If you are more interested in seeing an example of the technology in use for a college project, click here to see a notebook where I work through most of the process to calculate admissions odds for the coming year based on college admissions from the prior year. You can download the actual notebook to run yourself here (although you’ll need to provide your own admissions data.)
Finally, we don’t use this much at Noble yet, but if you’re looking to start out with it, you might want to check out Colab, an extension of Jupyter Notebooks that works inside your (shareable) Google Drive folders. It does some really neat things, including providing code snippets you can paste in, although working with local data is still a little tricky.
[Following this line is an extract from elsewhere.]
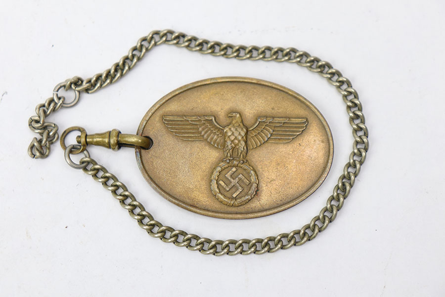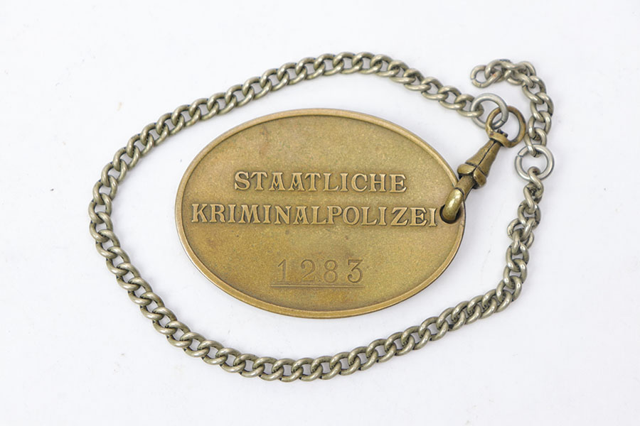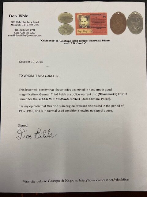 8/14/20 – This is a very rare and highly desirable Third Reich “kripo” disc for the State Criminal Police (Staatliche Kriminalpolizei). These discs were used as a means of identifying a State Criminal Police Officer, and was carried at all times by personnel in this organization. These officers were often retained for post war duty, and were allowed to retain their discs for about one year, after which new discs were issued. It is a bronze disc, which is quite heavy, that reads “Staatliche Kriminalpolizei”, with the ID #1283, on one side and a national eagle with swastika on the other. This piece is accompanied by a letter of authenticity from Don Bible, considered the top expert on these Gestapo and Kripo discs. This particular disc is in excellent condition and still has chain accompanying it.

Python: here are a few things that Python lets us do:
- Create Excel spreadsheets and PDF files from code, either from scratch or based on raw data files (csv); click here to see the main project we use for creating weekly college counseling reports (go to the tests folder to see the examples)
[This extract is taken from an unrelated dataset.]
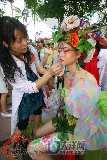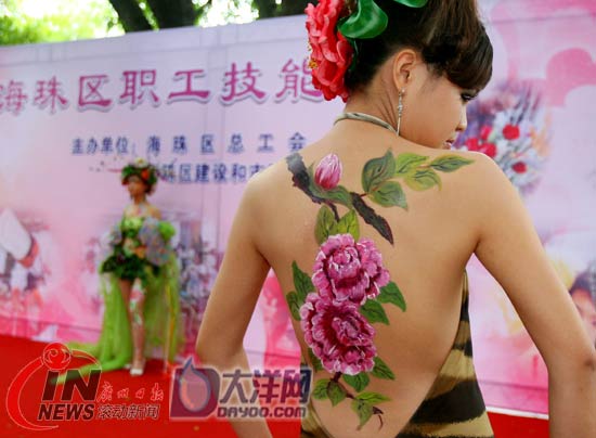 21日上午,为迎接五一劳动节,广州市海珠区组织基层70多个工会,举行了职工职业技能大赛。在比赛中,来自海珠区各基层单位的职工们各显身手,参赛技能包括插花、厨艺、发型设计等方面,而最吸引现场观众瞩目的,当属人体彩绘。参赛者妙手绘春,一幅幅人体彩绘与美女交相辉映,为技能大赛增添了无穷的魅力。

- Work with data to do sophisticated things like machine learning and other “data science” types of tasks, including analysis and graphing (using Pandas mentioned above and matplotlib for practically any kind of fancy graph)
- Interact with other systems like Salesforce in batch or bulk ways; you can do this with almost any system on the internet, but here’s some very simple code that we use to save the five main tables of our Salesforce database to local csv files and zip them up; instead of saving locally, we also use Python to save to the “cloud storage” service of AWS, S3
- Automatically log into web-based services we use, and download the data files; a good beginner’s resource for this (and many other tasks in Python) is the appropriately named book Automate the Boring Stuff with Python; the author has posted the entire book online for free, but please think about buying it to reward the excellent work
- Create Google Docs and read/write information back and forth between them; if you’re interested in doing this without worrying about the formatting on the Google Docs side too much, I recommend the gspread library; if you’d like to be more precise about formatting, you’ll need to also have code that interacts with Google Apps Script (a version of Javascript that works with Google Cloud tools); to get started with that, you can try using a library I’ve developed for this purpose
- Create websites that are fully interactive and database-driven; we primarily use the python Django framework for this, but Flask works great for smaller projects (and is easier to get started with)
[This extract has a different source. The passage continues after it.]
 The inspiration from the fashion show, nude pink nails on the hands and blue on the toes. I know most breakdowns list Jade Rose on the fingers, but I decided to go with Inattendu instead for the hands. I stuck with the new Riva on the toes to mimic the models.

JIRA and Github: several of the examples above are Github repositories, so that illustrates one purpose of Github–sharing code. In addition to that, though, Github and the local tool Git help you keep track of and manage changes for any software project. Git is useful even if you’re only working by yourself–it allows you to “go back in time” to older versions of your code (before you broke it) and also lets you make new changes in a new “branch”, where you can safely mess things up prior to “merging” with the master branch.
Where Git & Github really shine, though, is for collaboration–it has a set of features that let you work with multiple people on the same project and make sure you resolve any conflicts when they occur. We pair this with JIRA, a project management and issue tracking tool to help us manage the entire list of things we’re trying to work on–prioritizing them and help track the intent behind new changes to our code.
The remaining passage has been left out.